Data extracted from a collection:

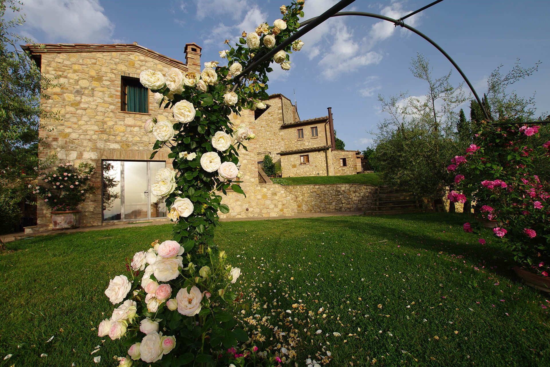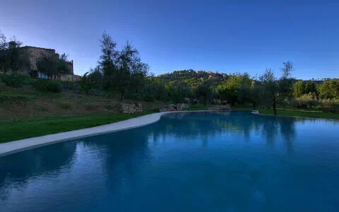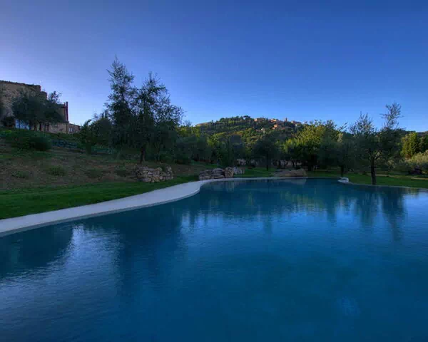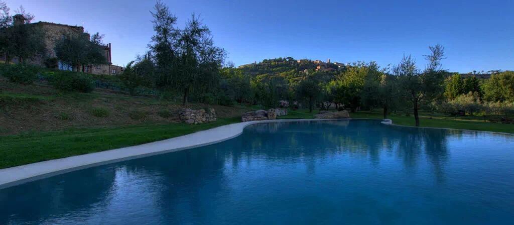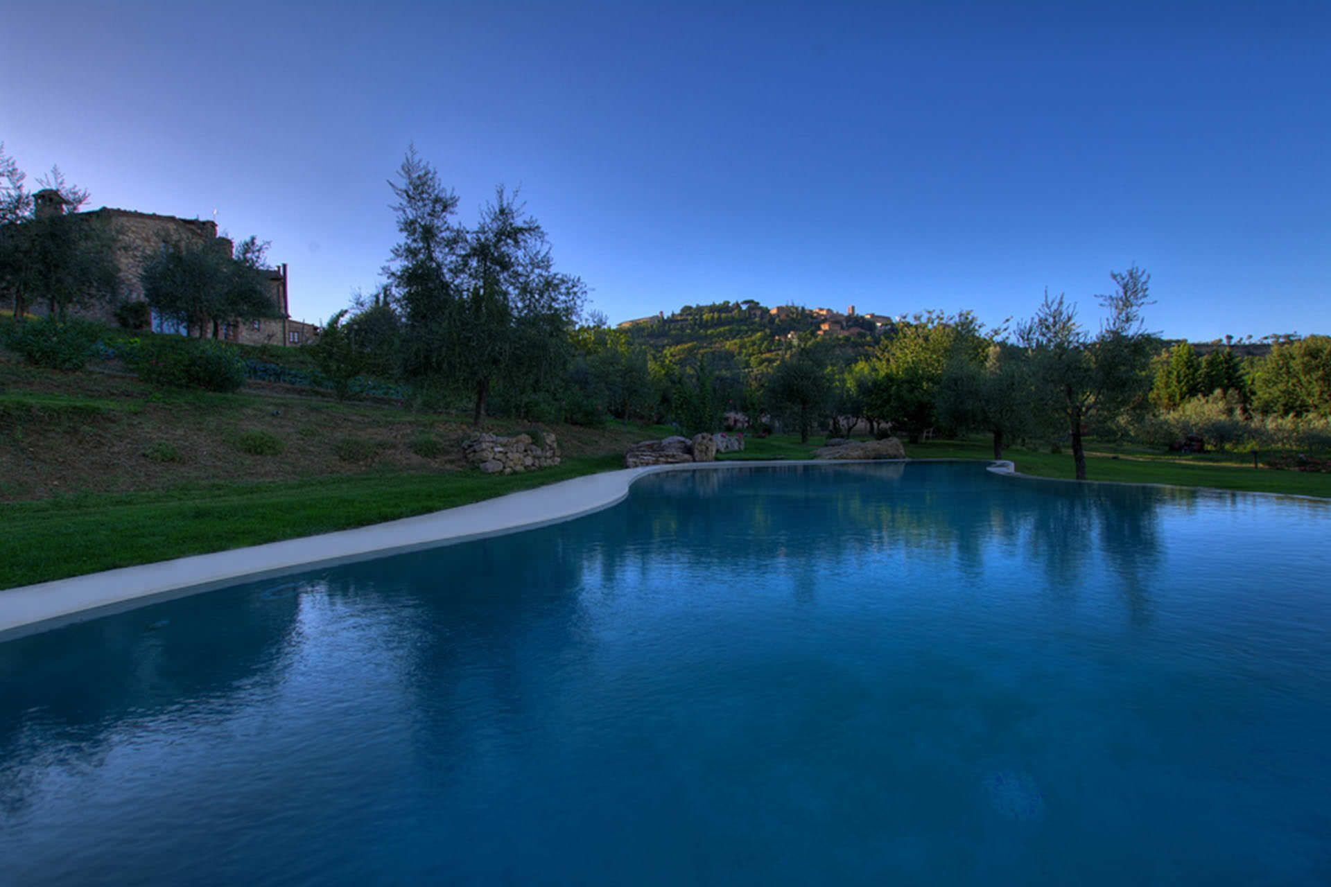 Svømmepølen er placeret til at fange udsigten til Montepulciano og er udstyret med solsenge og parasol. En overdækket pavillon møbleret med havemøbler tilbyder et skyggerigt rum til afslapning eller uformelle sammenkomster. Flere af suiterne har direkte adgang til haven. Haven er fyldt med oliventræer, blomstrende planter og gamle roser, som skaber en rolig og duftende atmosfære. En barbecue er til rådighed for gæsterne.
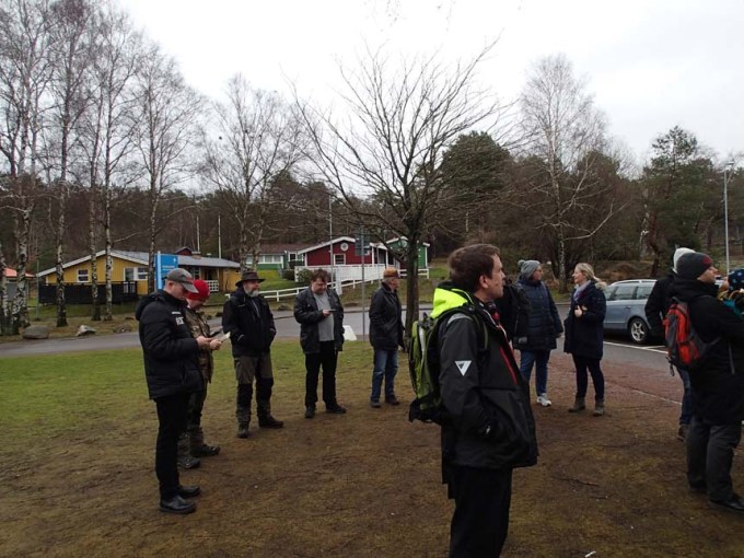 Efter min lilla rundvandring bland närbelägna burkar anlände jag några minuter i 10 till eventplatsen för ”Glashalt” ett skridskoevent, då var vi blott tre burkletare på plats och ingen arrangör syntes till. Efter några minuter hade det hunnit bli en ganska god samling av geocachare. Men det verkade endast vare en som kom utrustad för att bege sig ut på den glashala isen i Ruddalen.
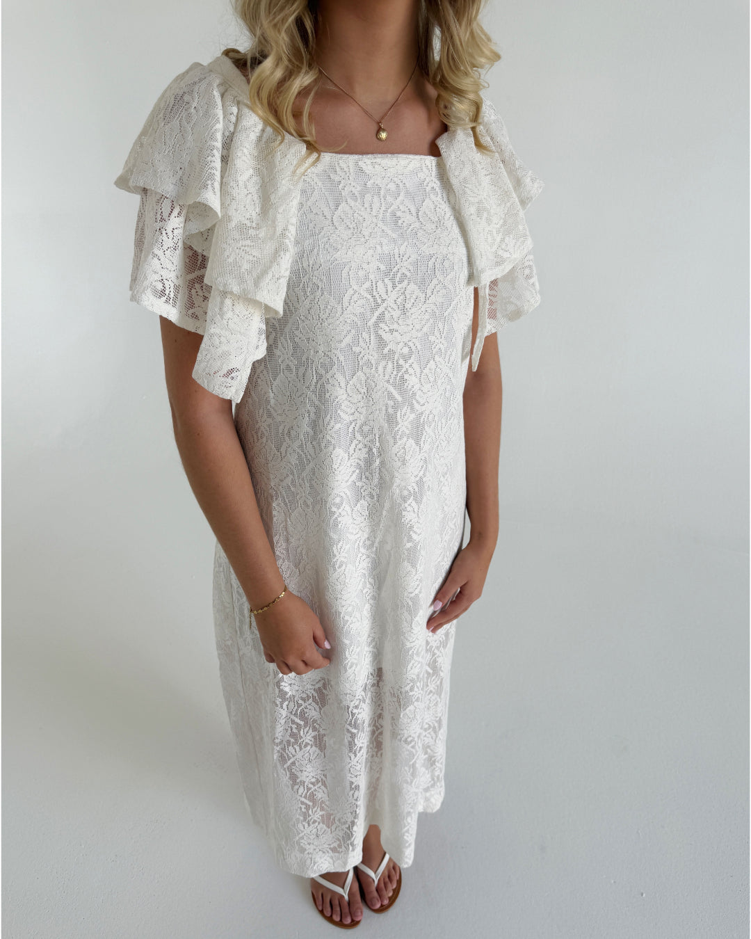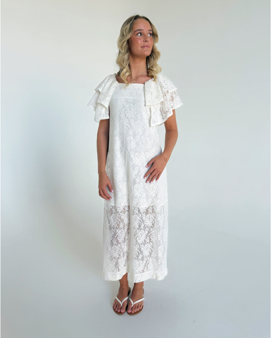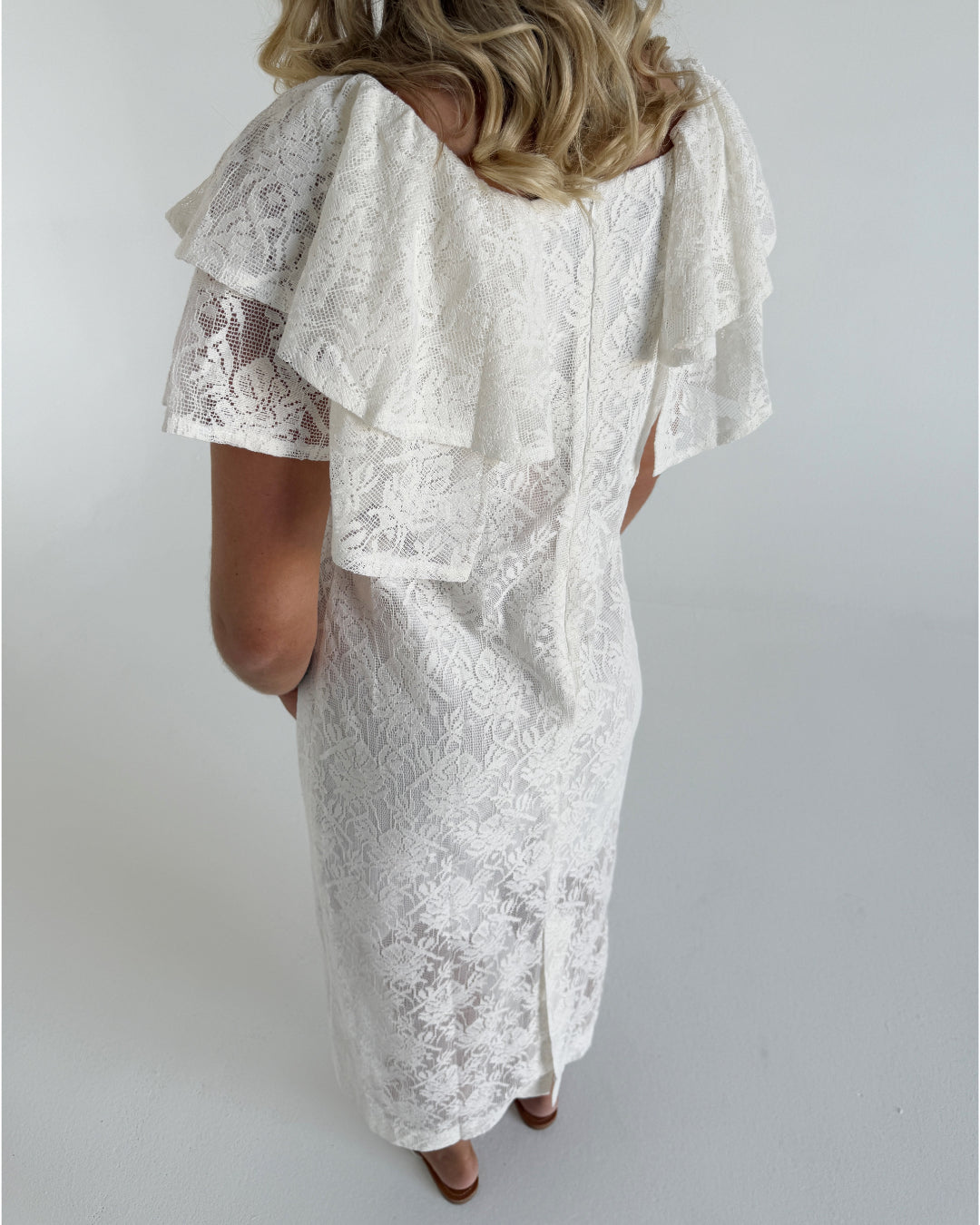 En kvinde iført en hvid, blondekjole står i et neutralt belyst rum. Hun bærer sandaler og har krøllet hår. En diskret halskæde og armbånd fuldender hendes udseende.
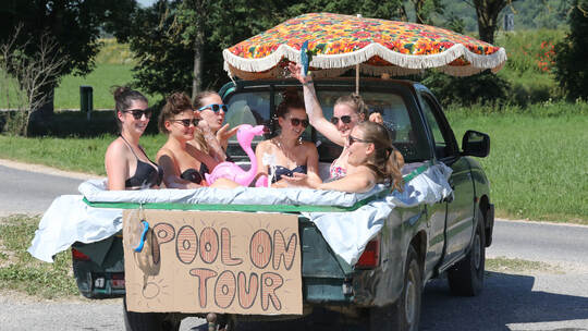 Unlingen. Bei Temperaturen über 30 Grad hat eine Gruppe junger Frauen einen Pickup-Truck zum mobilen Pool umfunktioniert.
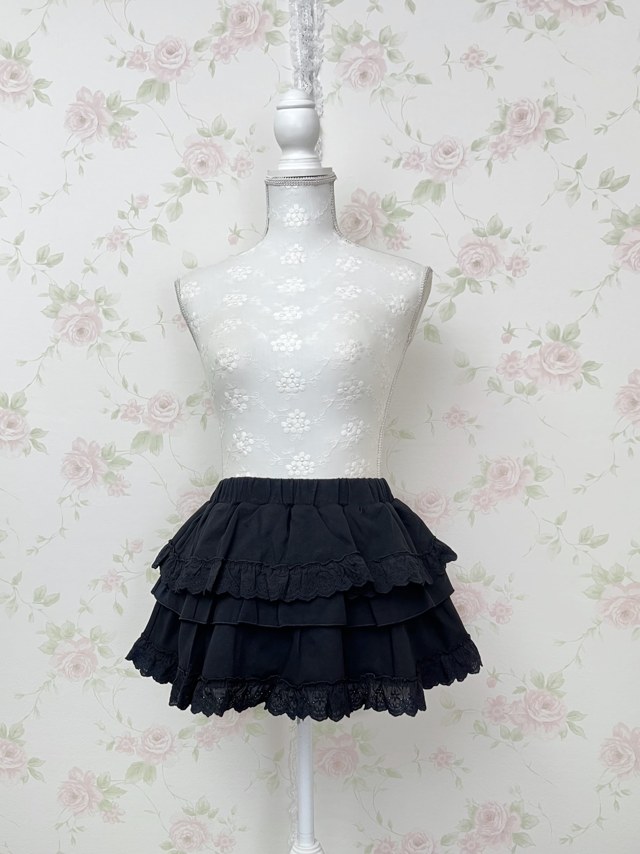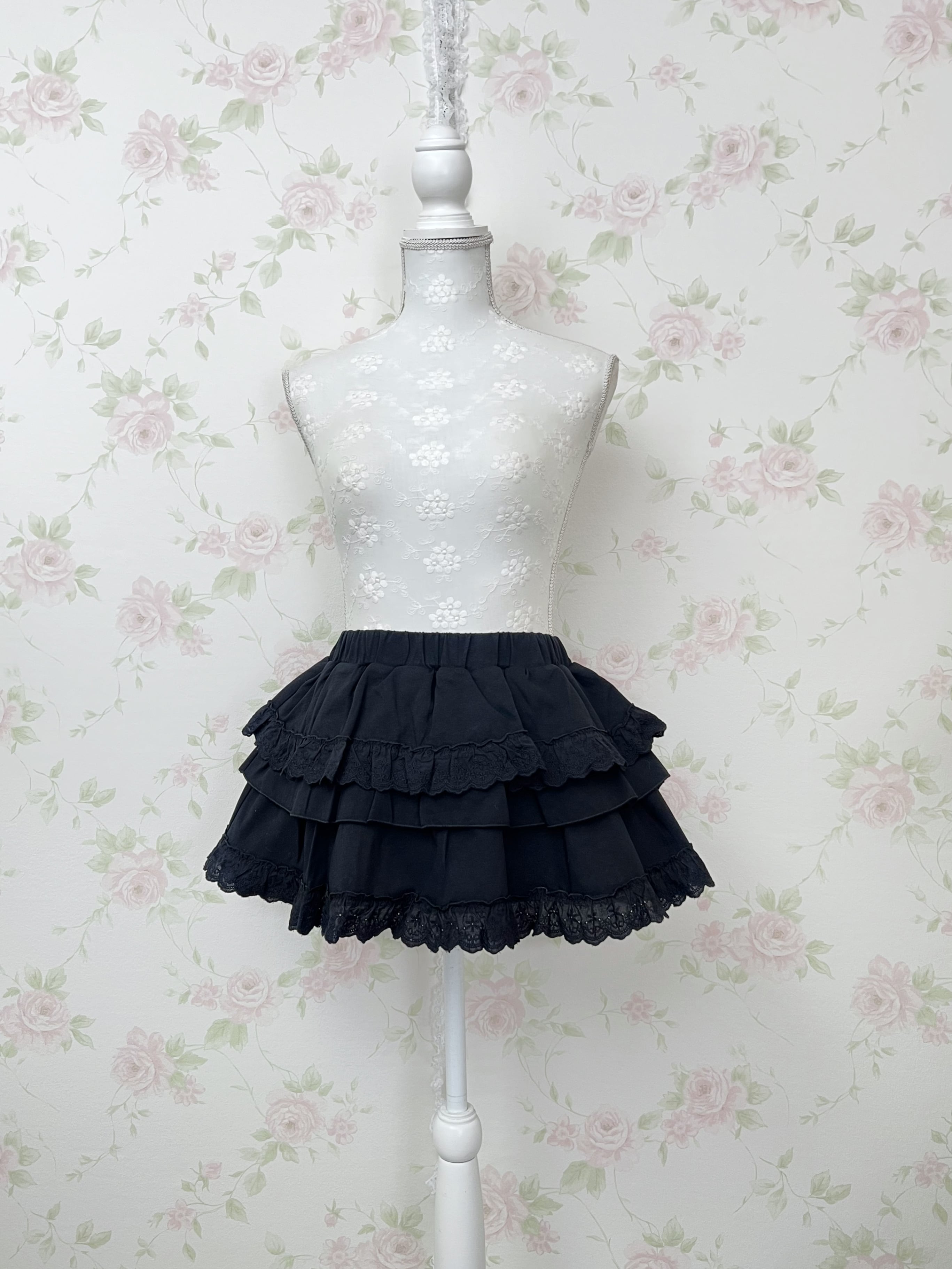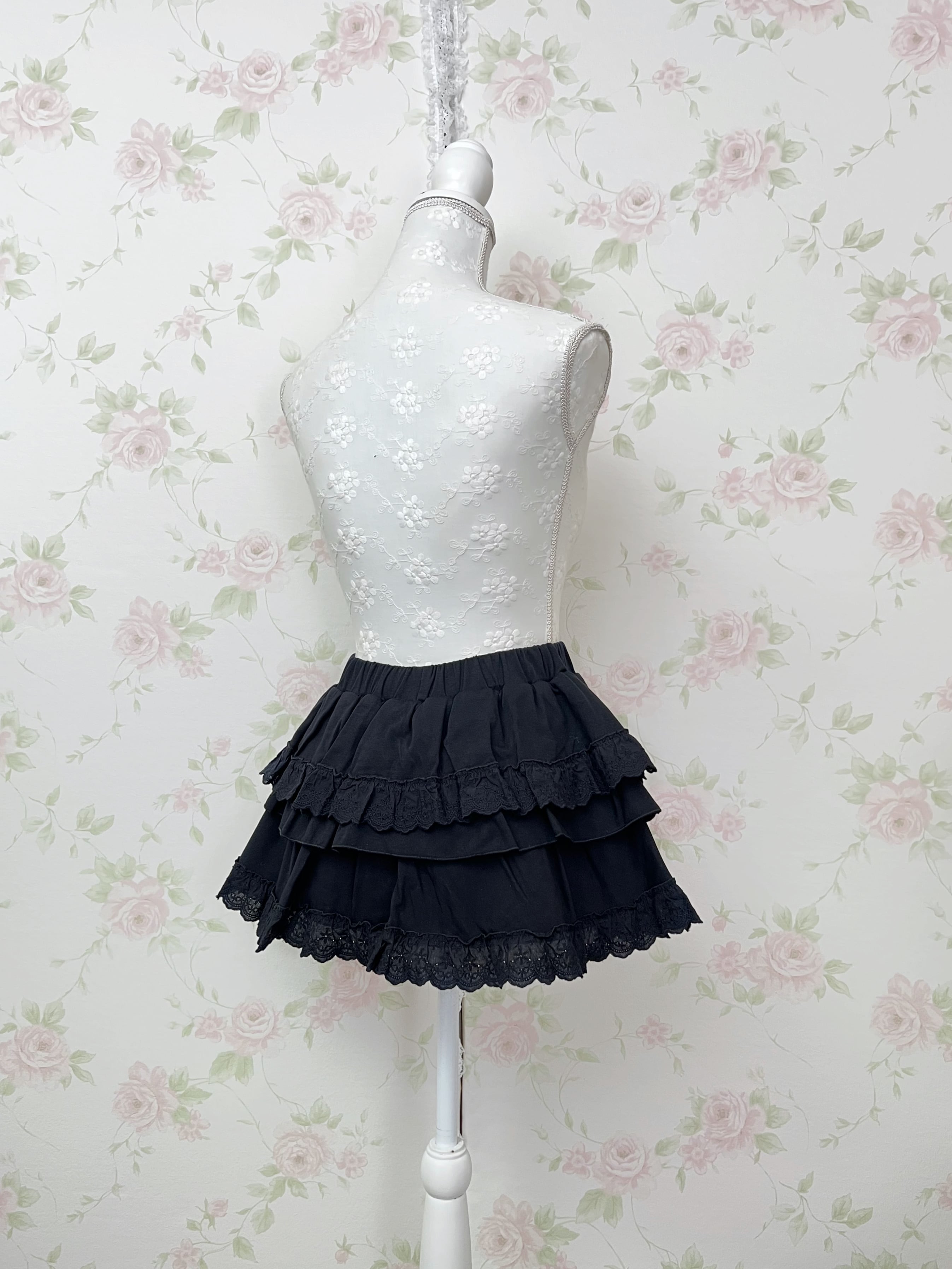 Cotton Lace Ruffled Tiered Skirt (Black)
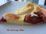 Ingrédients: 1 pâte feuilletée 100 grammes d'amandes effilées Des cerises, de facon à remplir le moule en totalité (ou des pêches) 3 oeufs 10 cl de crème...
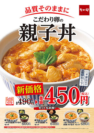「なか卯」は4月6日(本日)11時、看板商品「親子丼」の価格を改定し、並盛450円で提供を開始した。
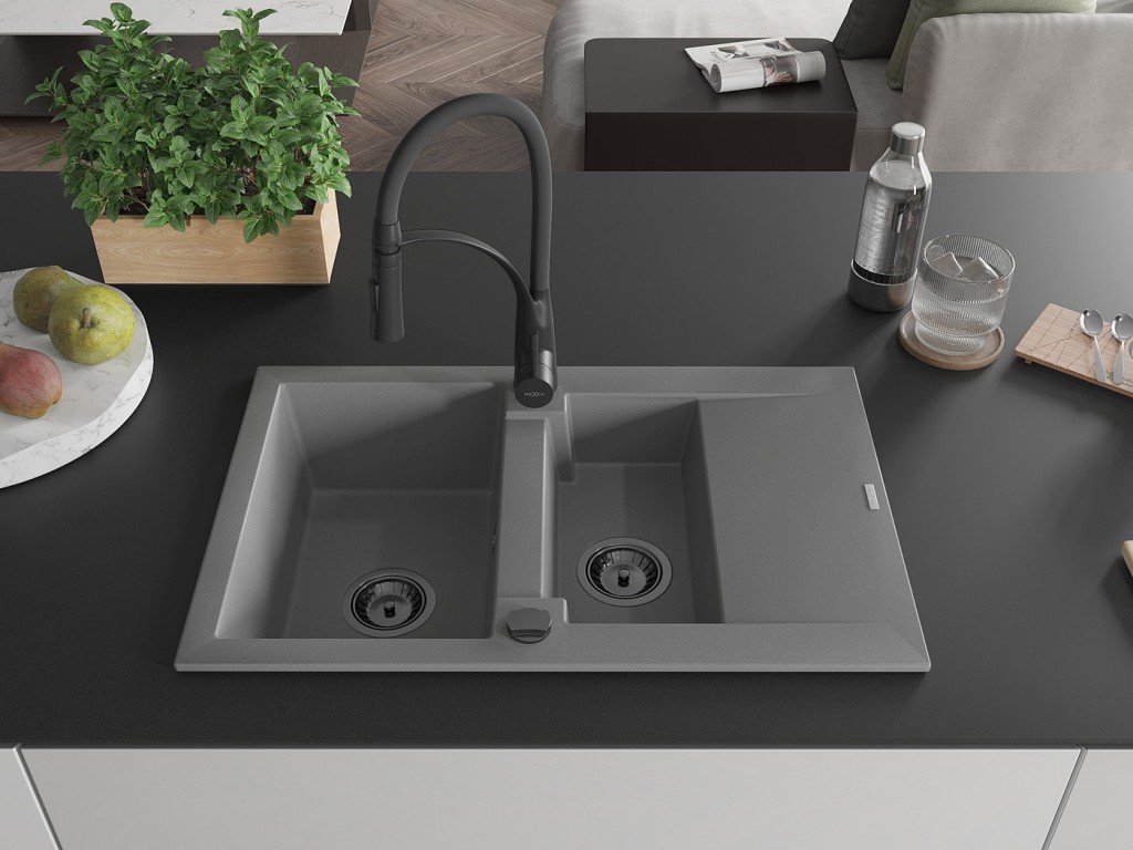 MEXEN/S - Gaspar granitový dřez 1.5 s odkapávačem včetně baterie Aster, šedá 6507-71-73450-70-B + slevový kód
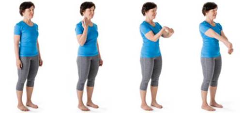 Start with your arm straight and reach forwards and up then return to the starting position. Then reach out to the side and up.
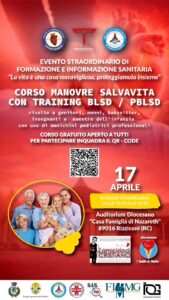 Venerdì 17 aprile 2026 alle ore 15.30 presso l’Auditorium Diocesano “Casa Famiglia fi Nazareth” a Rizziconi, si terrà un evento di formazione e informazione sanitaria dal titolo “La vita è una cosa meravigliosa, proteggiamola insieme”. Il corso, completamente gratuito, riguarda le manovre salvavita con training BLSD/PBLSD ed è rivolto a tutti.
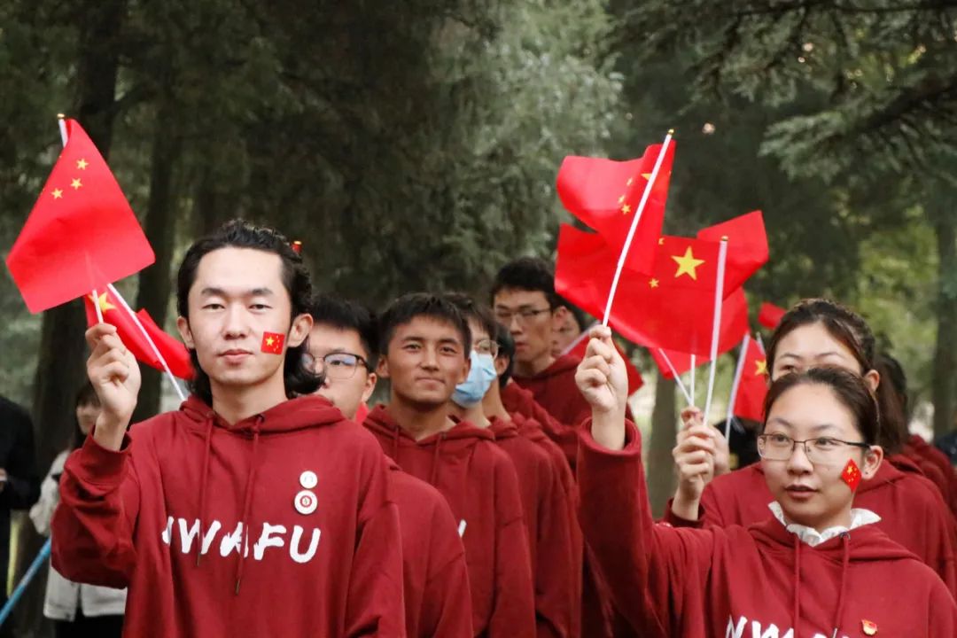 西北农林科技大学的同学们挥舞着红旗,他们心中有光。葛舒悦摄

What is being asked: Each line from the one containing "Ingrédients: 1 pâte" down to the final line of the records above must be reproduced exactly; no pictures go into the copy.

Answer box:
 Ingrédients: 1 pâte feuilletée 100 grammes d'amandes effilées Des cerises, de facon à remplir le moule en totalité (ou des pêches) 3 oeufs 10 cl de crème...
「なか卯」は4月6日(本日)11時、看板商品「親子丼」の価格を改定し、並盛450円で提供を開始した。
 MEXEN/S - Gaspar granitový dřez 1.5 s odkapávačem včetně baterie Aster, šedá 6507-71-73450-70-B + slevový kód
 Start with your arm straight and reach forwards and up then return to the starting position. Then reach out to the side and up.
 Venerdì 17 aprile 2026 alle ore 15.30 presso l’Auditorium Diocesano “Casa Famiglia fi Nazareth” a Rizziconi, si terrà un evento di formazione e informazione sanitaria dal titolo “La vita è una cosa meravigliosa, proteggiamola insieme”. Il corso, completamente gratuito, riguarda le manovre salvavita con training BLSD/PBLSD ed è rivolto a tutti.
 西北农林科技大学的同学们挥舞着红旗,他们心中有光。葛舒悦摄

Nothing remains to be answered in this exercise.